REFLÜ ÜLSERE YOL AÇABİLİR Reflü hastalığı hakkında da konuşan Uzm. Dr. Önder,
Asit-peptik mide sıvısı, safra, pankreas sıvılarının özofagus içine kaçışı sonucu ortaya çıkan semptomlar bütününe gastroözofageal reflü hastalığı (GÖRH) denilir. Reflünün yemek borusuna zararlı dış faktörlerin katkısıyla (alkol, sigara, kolalı içecekler, aşırı sıcak yiyecek ve içecekler, bazı ilaçlar vs) yemek borusu hücrelerindeki bozulma ile başladığı söylenebilir. Zamanla bu bozukluk yemek borusu kaslarını etkiler ve diğer faktörler (yemek borusu kasılma bozuklukları, alt uçtaki kapağın yetersizliği ve açık kalması, mide fıtığı gibi) devreye girer. Böylece hastalık ilerler ve bazen yemek borusu alt ucunda ülser veya bunun daha küçüğü erozyon adı verilen yaralara neden olur diye konuştu.
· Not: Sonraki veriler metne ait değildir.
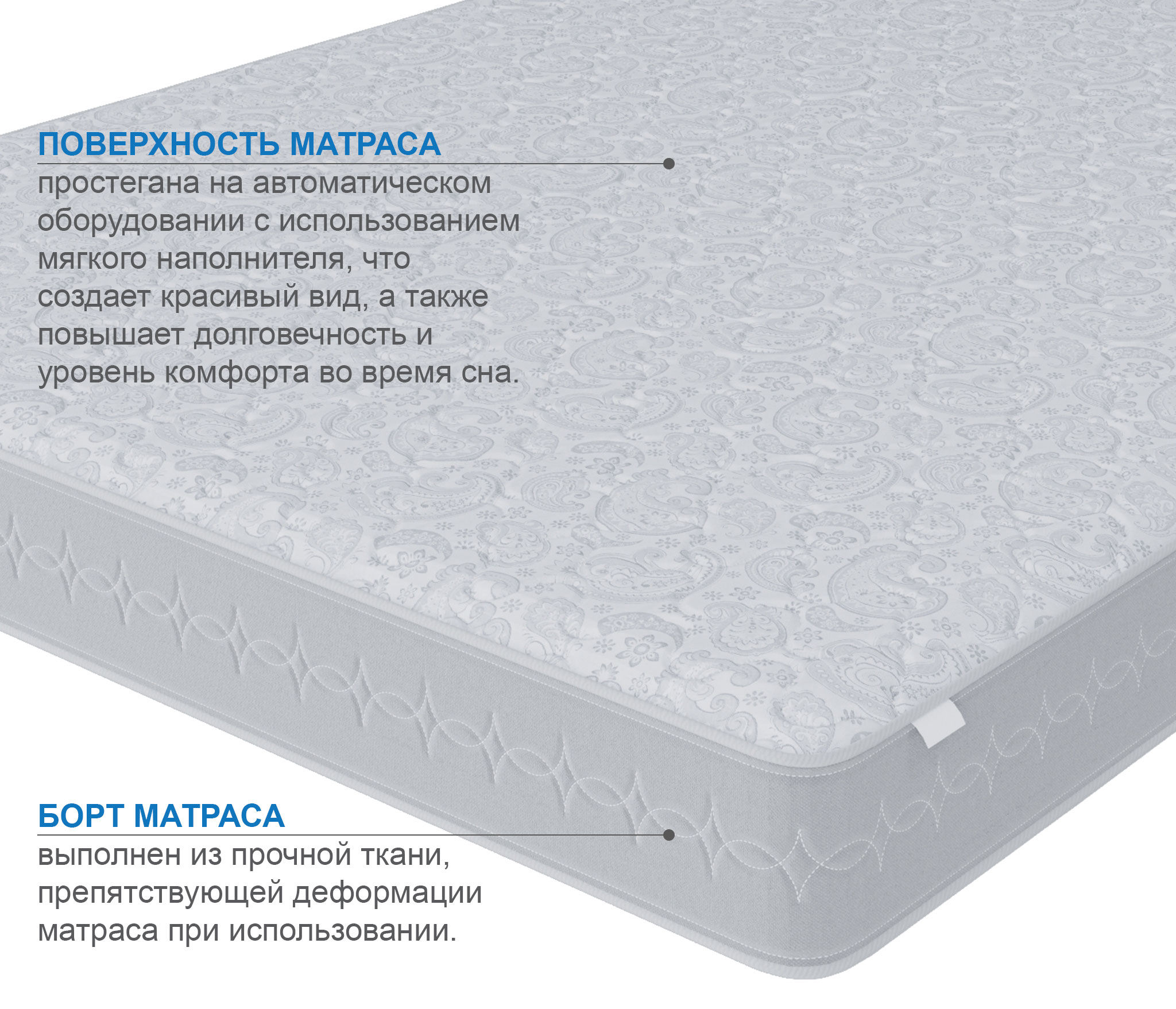 Наполнитель: вязкоэластичный ППУ, сизаль 10 мм, латексированная кокосовая плита 10 мм, термовойлок, латексированная кокосовая плита 20 мм, ячеистая пена с эффектом микромассажа.

AĞIR YEMEKLERDEN KAÇINILMALI Reflü hastalığında ilaç tedavisinin nasıl olacağı konusunda kesin kriterler olmadığını, sıklıkla kullanılan iki tedavi yönteminde ilaçların hafiften güçlü olana veya tam tersi bir sırayla başlanabileceğini belirten Uzm. Dr. Önder,
Hangi rejim kullanılırsa kullanılsın reflü tedavisinin aylarca sürmesi gerektiği tekrar anlatılmalıdır. Örneğin iki haftalık kısa bir tedaviden sonra yakınmaların kısa sürede yinelemesi olasılığı çok yüksektir. Tedavide en sık proton pompası inhibitörleri ve aljink asit kullanılır. Kabul edilen ilk tedavinin en az iki ay sürdürülmesi ve mümkün oldukça diyet de uygulanmasıdır. Kilo verilmesi, gece ağır yemeklerden kaçınılması, yemek sonrası hemen yatılmaması da uygundur. Son zamanlarda hastanın yakınması oldukça ilaç almasını öneren tedavi rejimleri gündeme gelmeye başlamıştır dedi.
Klinik olarak farklı hastalık gurupları olan ve sıklıkla birbiriyle karıştırılan reflü hastalığı ve gastrit tanısında hastaların semptomlarının doktor tarafından değerlendirilmesinin önemine dikkat çeken Uzm. Dr. Önder, endoskopi sırasında alınan mide biyopsisi ile gastritin tipi belirlendiği için doktor gerekli gördüğünde endoskopi yapılmasının çok değerli bilgiler vereceğini, tanı ve tedavinin planlanmasında gerekli olduğunu ifade etti.